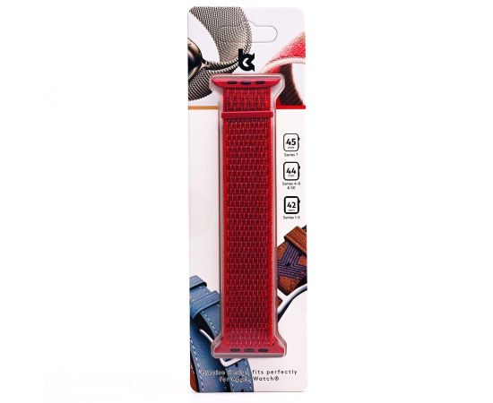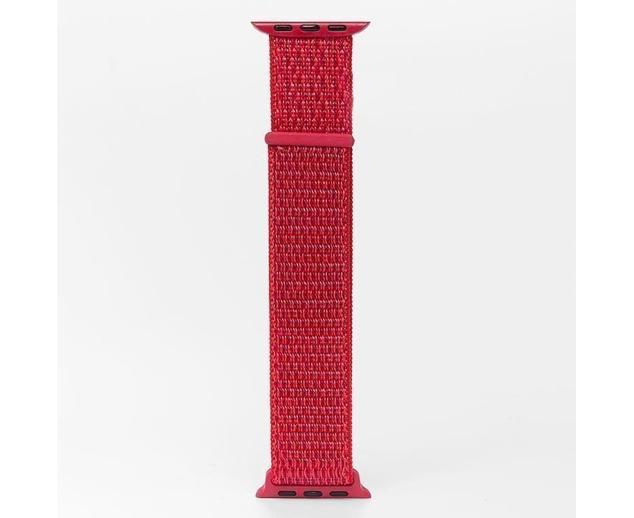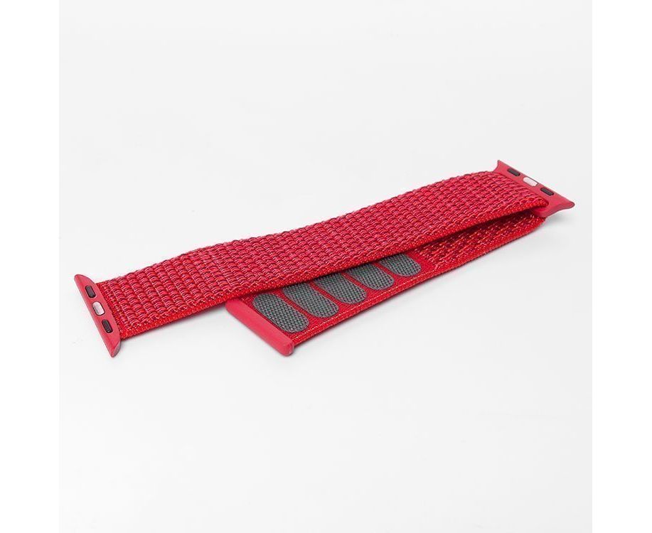 Текстильный ремешок ApW22 для Apple Watch (Эпл Вотч) 42/44/45мм / Спортивный браслет для умных смарт-часов на липучке, красный
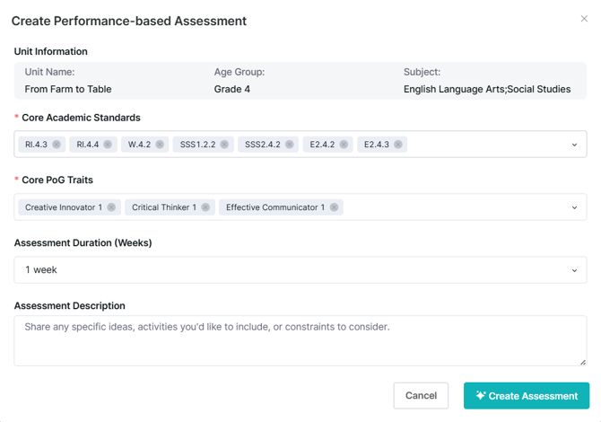 Curriculum Genie transforms static Portrait of a Graduate (PoG) frameworks into a living curriculum where competencies are intentionally practiced and measured. The platform offers two primary ways to assess these skills: comprehensive Unit-Level Performance-based Assessments (1-2 week projects), and PoG Mini Masteries (short 5-7 minute daily reflections).
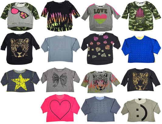 Flowers by Zoe Girls Long Sleeve Boxy Cut Off Fashion Scoop Neck Sweatshirt Top
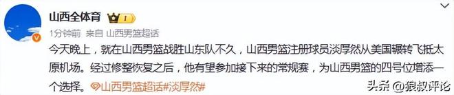 山西男篮注册球员淡厚然从美国辗转飞抵太原机场。经过休整恢复之后,他有望参加接下来的常规赛,为山西男篮的四号位增添一个选择。
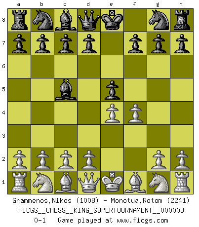 Last move : 0-1 2018 October 16 8:55:46 [Event "FICGS__CHESS__KING_SUPERTOURNAMENT__000003"] [Site "FICGS"] [Date "2018.09.16"] [Round "1"] [White "Grammenos,Nikos"] [Black "Monotua,Rotom"] [Result "0-1"] [WhiteElo "1008"] [BlackElo "2241"] 1.e4 e5 2.f4 Bc5 0-1 This chess game has been lost on time (started : 2018.09.16 2:52:46) KGD : Classical variation Player Black won this chess game. Follow this game move after move (download)Chess is ruthless: you've got to be prepared to kill people. (Nigel Short) Jeder leidlich begabte Spieler, er braucht keineswegs hervorragend veranlagt zu sein, kann es zum Meister bringen. Aber das ist ja auch gar nicht nötig! Der richtige Standpunkt ist es, zu seinem Vergnügen zu spielen, und man glaube ja nicht, dass der Genuss proportional dem Können sei. (Siegbert Tarrasch) El Ajedrez era la lengua materna de Capablanca. (Reti) Il s'avisa de me proposer d'apprendre les échecs qu'il jouait un peu... me voilà forcené des échecs. J'achète un échiquier, je m'enferme dans ma chambre, j'y passe des jours et des nuits à vouloir apprendre par cur toutes les parties. (Jean-Jacques Rousseau, Confessions) Follow your passion, and success will follow you. (Arthur Buddhold)
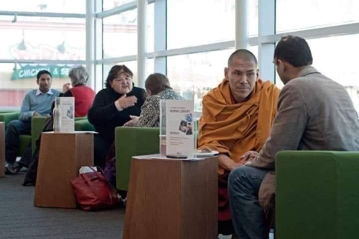 Imagen: Human library: personas solitarias, pagan por poder conversar con otra persona. La Biblioteca Humana (Human Library) es un movimiento internacional, nacido en Dinamarca en el 2000, que promueve el diálogo y la empatía al “prestar” personas en lugar de libros. Voluntarios con experiencias de vida marcadas por prejuicios o estereotipos (como minorías, profesiones estigmatizadas, o historias de superación) comparten sus historias reales con lectores en conversaciones honestas, buscando combatir la discriminación y fomentar la comprensión social. https://www.bibliotecahumanalh.com/es/que-es-la-biblioteca-humana
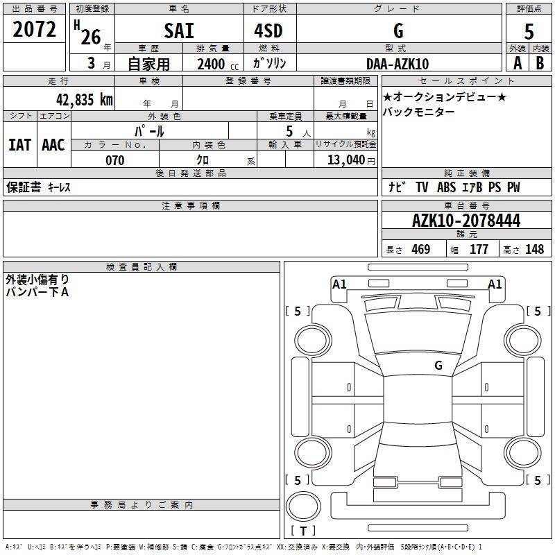 TOYOTA SAI G - лот 2072
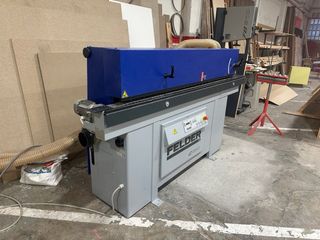 Se vende canteadora FELDER G-360 en buen estado. Incluye un juego de fresas de diamante. Grupo de encolado y presión: calderín de cola termofusible + rodillos neumáticos • Grupo de tupí: 2 motores con fresas de diamante para achaflanar y perfilar • Retestador: corte al ras • Grupos opcionales: rascador de cola / rascador de radio y pulidores • Panel de control sencillo Datos técnicos: • Año: 2016 • Tensión: 3 × 400 V • Dimensiones (L × A × H): 2350 × 780 × 1550 mm • Peso: 450 kg

+ + +

EXERCISE PROMPT: When you reach the line with "Flowers by Zoe" in the records above, start writing out each line exactly, and stop after the line with "山西男篮注册球员淡厚然从美国". Pictures stay out.

YOUR RESPONSE:
 Flowers by Zoe Girls Long Sleeve Boxy Cut Off Fashion Scoop Neck Sweatshirt Top
 山西男篮注册球员淡厚然从美国辗转飞抵太原机场。经过休整恢复之后,他有望参加接下来的常规赛,为山西男篮的四号位增添一个选择。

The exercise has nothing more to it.